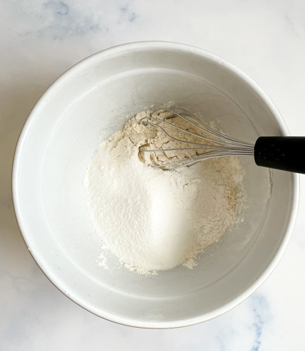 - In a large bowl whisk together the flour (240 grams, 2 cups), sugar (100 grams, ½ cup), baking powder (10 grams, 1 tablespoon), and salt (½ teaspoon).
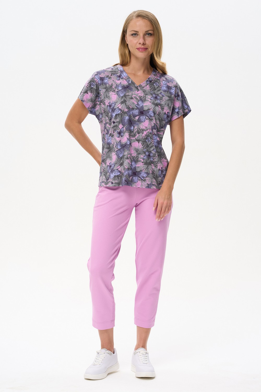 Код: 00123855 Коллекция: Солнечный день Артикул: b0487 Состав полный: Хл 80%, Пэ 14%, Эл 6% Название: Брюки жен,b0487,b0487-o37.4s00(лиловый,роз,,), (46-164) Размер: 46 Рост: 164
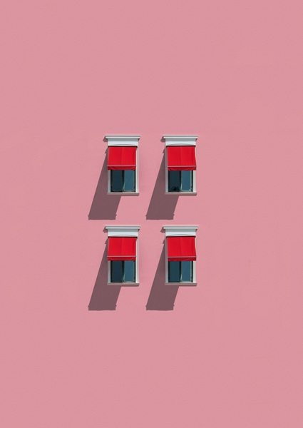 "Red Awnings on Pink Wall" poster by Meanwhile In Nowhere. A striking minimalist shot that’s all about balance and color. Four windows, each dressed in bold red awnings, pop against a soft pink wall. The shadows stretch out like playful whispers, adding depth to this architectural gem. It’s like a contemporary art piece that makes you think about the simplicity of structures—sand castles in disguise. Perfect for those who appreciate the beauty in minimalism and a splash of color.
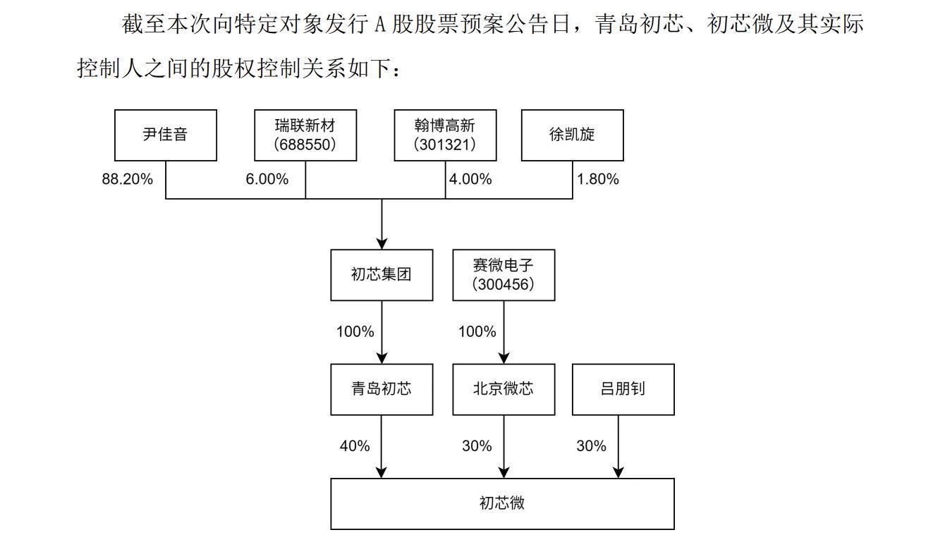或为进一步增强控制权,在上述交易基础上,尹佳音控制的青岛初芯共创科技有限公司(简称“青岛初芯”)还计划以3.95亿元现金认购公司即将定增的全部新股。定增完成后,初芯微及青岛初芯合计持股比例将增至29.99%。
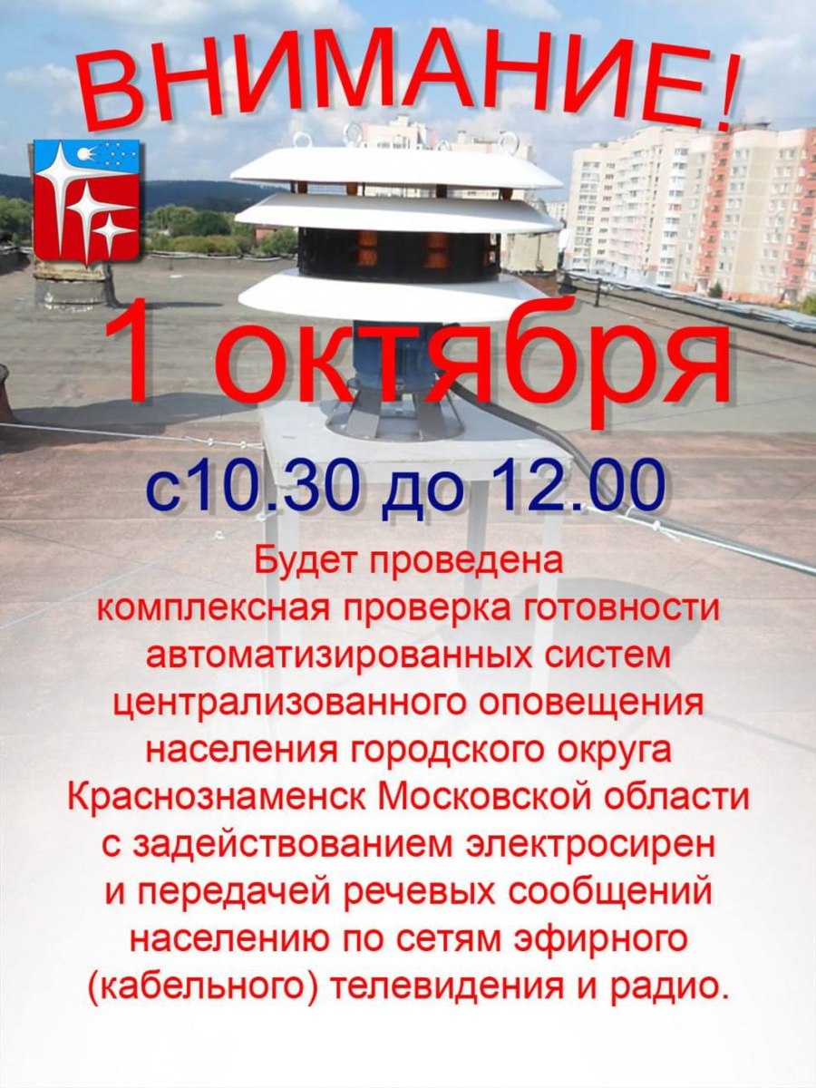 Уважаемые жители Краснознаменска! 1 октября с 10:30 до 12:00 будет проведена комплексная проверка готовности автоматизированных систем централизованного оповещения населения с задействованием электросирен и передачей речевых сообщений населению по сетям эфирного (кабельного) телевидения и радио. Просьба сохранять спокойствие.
__________________________________________________
WORK ITEM =>
Print the data above exactly, from its first line to the line bearing "Код: 00123855 Коллекция: Солнечный" inclusive, and keep pictures out of the result.

TASK SOLUTION =>
 - In a large bowl whisk together the flour (240 grams, 2 cups), sugar (100 grams, ½ cup), baking powder (10 grams, 1 tablespoon), and salt (½ teaspoon).
 Код: 00123855 Коллекция: Солнечный день Артикул: b0487 Состав полный: Хл 80%, Пэ 14%, Эл 6% Название: Брюки жен,b0487,b0487-o37.4s00(лиловый,роз,,), (46-164) Размер: 46 Рост: 164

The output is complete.